Data extract ▸
━━━━━━━━━━━━━━━━

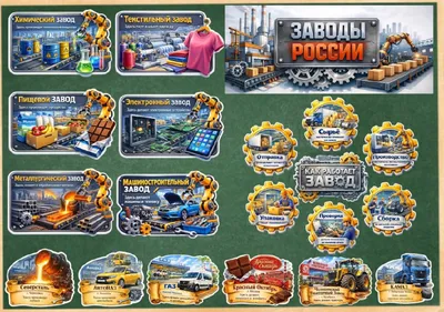 🎁 ОФОРМЛЕНИЕ КАБИНЕТА. ЗАВОДЫ РОССИИ ‼️ РАЗГОВОРЫ О ВАЖНОМ на 16 марта ‼️ ✅ В наборе: - Горизонтальный плакат - Карточки «Какие бывают заводы» - Карточки «заводы России» - Блок «Как работает заво
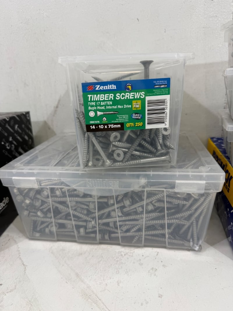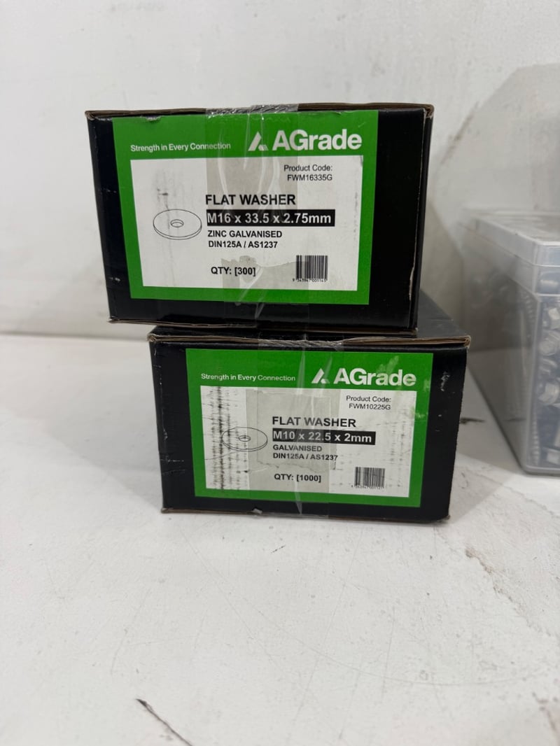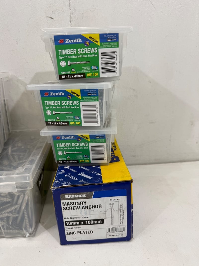Screws/ Washers, brands include AGrade, Zenith, Bremick and Buildex, Assorted types/ Sizes including Flat Washers M16x 33.5 x 2.75mm, Timber Screws 14-10 x 75mm, 12-11 x 45mm, Masonry Screw Anchor 10x 100mm. Quantity- 8 boxes, sold as lot.
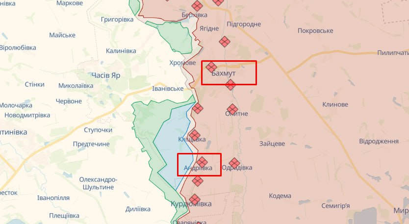 "На Бахмутському напрямку наші війська продовжують вести наступальні дії північніше та південніше міста Бахмут. В ході наступально-штурмових дій наших воїнів противник вимушено відійшов з позицій в районі Андріївки", - йдеться у повідомленні.
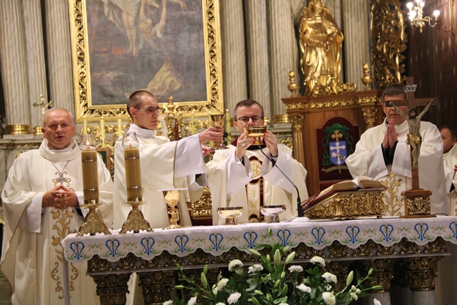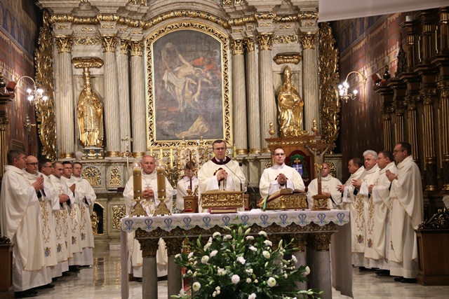 Wraz z biskupem kaliskim Damianem Brylem Mszę św. koncelebrowali biskup pomocniczy Łukasz Buzun, ks. kan. Paweł Guździoł, wikariusz biskupi, ks. kan. Marcin Papuziński, kanclerz Kurii Diecezjalnej, ks. kan. Bogumił Kempa, oficjał Sądu Biskupiego, ks. prał. Adam Modliński, proboszcz katedry, kapłani wchodzący w skład rad oraz wicedziekani dekanatów.
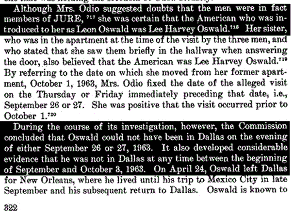 The powers that were/are in charge of the evidence made sure that Ms. Odio's story was not heard in a timely manner. Her WC interview was in mid July 1964 while the FBI reports, CE3147 & 3148 are dated September 1964. The report itself was finished and delivered on September 24, 1964. Ms. Odio's story is summarized on pgs. 321-322, followed by the declaration that since OSWALD was traveling on a bus to Mexico at the time he could NOT have been at Odio's home in Dallas at the same time and it has been developed "that he was not in Dallas any time between the beginning of September and October 3, 1963." Until the Hearings and Exhibits were published, this was the only mention of Sylvia Odio, 2 Cubans and Leon Oswald.

━━━━━━━━━━━━━━━━

Assigned task ▸ I would like an exact copy of the lines from the one holding "йдеться у повідомленні." through the last line of the entries above, with the pictures left out.

Task response ▸
 "На Бахмутському напрямку наші війська продовжують вести наступальні дії північніше та південніше міста Бахмут. В ході наступально-штурмових дій наших воїнів противник вимушено відійшов з позицій в районі Андріївки", - йдеться у повідомленні.
 Wraz z biskupem kaliskim Damianem Brylem Mszę św. koncelebrowali biskup pomocniczy Łukasz Buzun, ks. kan. Paweł Guździoł, wikariusz biskupi, ks. kan. Marcin Papuziński, kanclerz Kurii Diecezjalnej, ks. kan. Bogumił Kempa, oficjał Sądu Biskupiego, ks. prał. Adam Modliński, proboszcz katedry, kapłani wchodzący w skład rad oraz wicedziekani dekanatów.
 The powers that were/are in charge of the evidence made sure that Ms. Odio's story was not heard in a timely manner. Her WC interview was in mid July 1964 while the FBI reports, CE3147 & 3148 are dated September 1964. The report itself was finished and delivered on September 24, 1964. Ms. Odio's story is summarized on pgs. 321-322, followed by the declaration that since OSWALD was traveling on a bus to Mexico at the time he could NOT have been at Odio's home in Dallas at the same time and it has been developed "that he was not in Dallas any time between the beginning of September and October 3, 1963." Until the Hearings and Exhibits were published, this was the only mention of Sylvia Odio, 2 Cubans and Leon Oswald.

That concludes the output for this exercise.